====== EXTRACTED INFORMATION ======

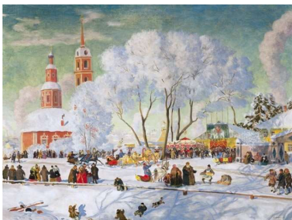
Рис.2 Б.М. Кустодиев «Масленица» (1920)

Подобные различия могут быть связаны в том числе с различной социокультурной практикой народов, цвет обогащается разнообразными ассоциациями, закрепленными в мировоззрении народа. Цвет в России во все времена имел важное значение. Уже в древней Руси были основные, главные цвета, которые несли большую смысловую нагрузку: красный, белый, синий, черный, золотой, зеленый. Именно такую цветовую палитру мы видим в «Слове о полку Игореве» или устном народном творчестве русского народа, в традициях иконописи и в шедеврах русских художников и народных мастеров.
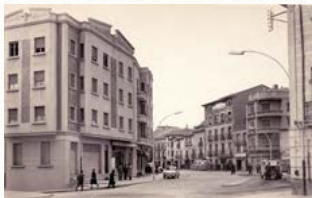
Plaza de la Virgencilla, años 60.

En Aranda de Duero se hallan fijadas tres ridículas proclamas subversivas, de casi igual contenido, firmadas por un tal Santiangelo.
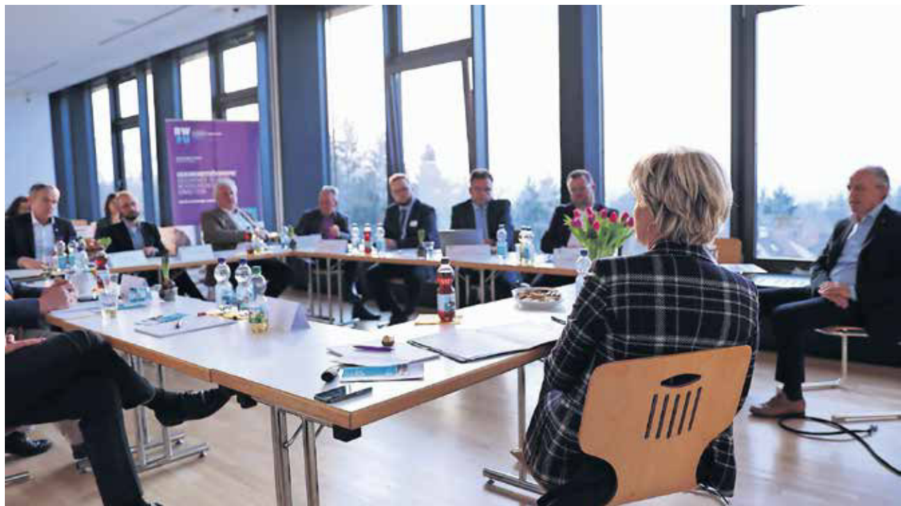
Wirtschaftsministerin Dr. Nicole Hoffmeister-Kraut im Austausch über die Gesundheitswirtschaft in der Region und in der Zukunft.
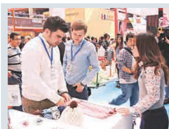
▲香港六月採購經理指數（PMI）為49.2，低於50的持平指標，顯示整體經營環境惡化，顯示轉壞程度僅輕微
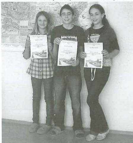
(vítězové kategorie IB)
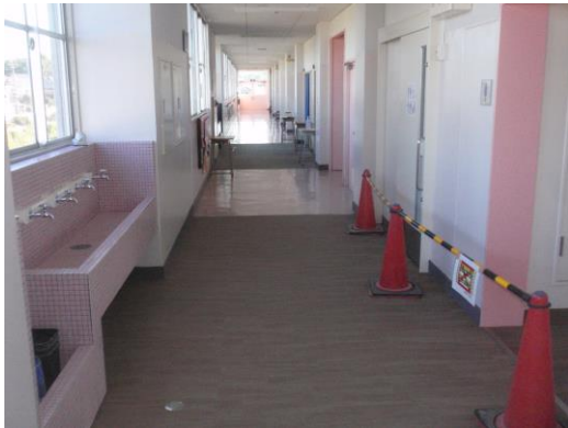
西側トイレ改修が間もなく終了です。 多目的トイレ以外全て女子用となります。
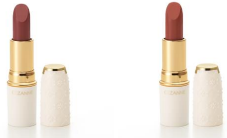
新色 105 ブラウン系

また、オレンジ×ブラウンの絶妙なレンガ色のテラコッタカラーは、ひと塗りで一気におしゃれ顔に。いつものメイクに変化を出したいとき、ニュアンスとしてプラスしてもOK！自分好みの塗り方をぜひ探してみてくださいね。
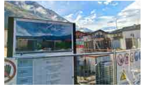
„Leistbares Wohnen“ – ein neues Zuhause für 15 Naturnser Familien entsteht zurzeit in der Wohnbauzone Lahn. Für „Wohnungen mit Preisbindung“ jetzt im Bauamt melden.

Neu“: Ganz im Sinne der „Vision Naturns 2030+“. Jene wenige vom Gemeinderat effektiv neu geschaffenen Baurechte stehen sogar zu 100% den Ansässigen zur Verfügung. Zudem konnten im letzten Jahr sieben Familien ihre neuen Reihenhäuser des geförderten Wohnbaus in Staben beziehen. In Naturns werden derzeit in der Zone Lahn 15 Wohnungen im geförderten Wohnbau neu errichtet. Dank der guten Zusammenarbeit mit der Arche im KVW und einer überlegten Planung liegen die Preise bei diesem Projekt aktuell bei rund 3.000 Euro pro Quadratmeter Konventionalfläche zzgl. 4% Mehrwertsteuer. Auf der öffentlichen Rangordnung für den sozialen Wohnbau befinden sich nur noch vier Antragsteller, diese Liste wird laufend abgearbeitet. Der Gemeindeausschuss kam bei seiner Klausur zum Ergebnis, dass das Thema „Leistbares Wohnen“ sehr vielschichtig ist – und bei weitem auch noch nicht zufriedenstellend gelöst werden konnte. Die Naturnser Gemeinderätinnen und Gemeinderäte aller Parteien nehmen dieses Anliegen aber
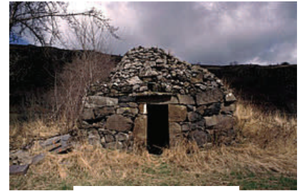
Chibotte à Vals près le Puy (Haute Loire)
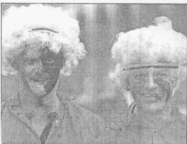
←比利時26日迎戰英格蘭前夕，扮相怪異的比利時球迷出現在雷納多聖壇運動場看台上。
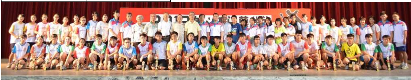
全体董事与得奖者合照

======

#### [TASK REQUIREMENTS]
Repeat the listing word for word. Leave images out.

#### [YOUR RESPONSE]
Рис.2 Б.М. Кустодиев «Масленица» (1920)

Подобные различия могут быть связаны в том числе с различной социокультурной практикой народов, цвет обогащается разнообразными ассоциациями, закрепленными в мировоззрении народа. Цвет в России во все времена имел важное значение. Уже в древней Руси были основные, главные цвета, которые несли большую смысловую нагрузку: красный, белый, синий, черный, золотой, зеленый. Именно такую цветовую палитру мы видим в «Слове о полку Игореве» или устном народном творчестве русского народа, в традициях иконописи и в шедеврах русских художников и народных мастеров.
Plaza de la Virgencilla, años 60.

En Aranda de Duero se hallan fijadas tres ridículas proclamas subversivas, de casi igual contenido, firmadas por un tal Santiangelo.
Wirtschaftsministerin Dr. Nicole Hoffmeister-Kraut im Austausch über die Gesundheitswirtschaft in der Region und in der Zukunft.
▲香港六月採購經理指數（PMI）為49.2，低於50的持平指標，顯示整體經營環境惡化，顯示轉壞程度僅輕微
(vítězové kategorie IB)
西側トイレ改修が間もなく終了です。 多目的トイレ以外全て女子用となります。
新色 105 ブラウン系

また、オレンジ×ブラウンの絶妙なレンガ色のテラコッタカラーは、ひと塗りで一気におしゃれ顔に。いつものメイクに変化を出したいとき、ニュアンスとしてプラスしてもOK！自分好みの塗り方をぜひ探してみてくださいね。
„Leistbares Wohnen“ – ein neues Zuhause für 15 Naturnser Familien entsteht zurzeit in der Wohnbauzone Lahn. Für „Wohnungen mit Preisbindung“ jetzt im Bauamt melden.

Neu“: Ganz im Sinne der „Vision Naturns 2030+“. Jene wenige vom Gemeinderat effektiv neu geschaffenen Baurechte stehen sogar zu 100% den Ansässigen zur Verfügung. Zudem konnten im letzten Jahr sieben Familien ihre neuen Reihenhäuser des geförderten Wohnbaus in Staben beziehen. In Naturns werden derzeit in der Zone Lahn 15 Wohnungen im geförderten Wohnbau neu errichtet. Dank der guten Zusammenarbeit mit der Arche im KVW und einer überlegten Planung liegen die Preise bei diesem Projekt aktuell bei rund 3.000 Euro pro Quadratmeter Konventionalfläche zzgl. 4% Mehrwertsteuer. Auf der öffentlichen Rangordnung für den sozialen Wohnbau befinden sich nur noch vier Antragsteller, diese Liste wird laufend abgearbeitet. Der Gemeindeausschuss kam bei seiner Klausur zum Ergebnis, dass das Thema „Leistbares Wohnen“ sehr vielschichtig ist – und bei weitem auch noch nicht zufriedenstellend gelöst werden konnte. Die Naturnser Gemeinderätinnen und Gemeinderäte aller Parteien nehmen dieses Anliegen aber
Chibotte à Vals près le Puy (Haute Loire)
←比利時26日迎戰英格蘭前夕，扮相怪異的比利時球迷出現在雷納多聖壇運動場看台上。
全体董事与得奖者合照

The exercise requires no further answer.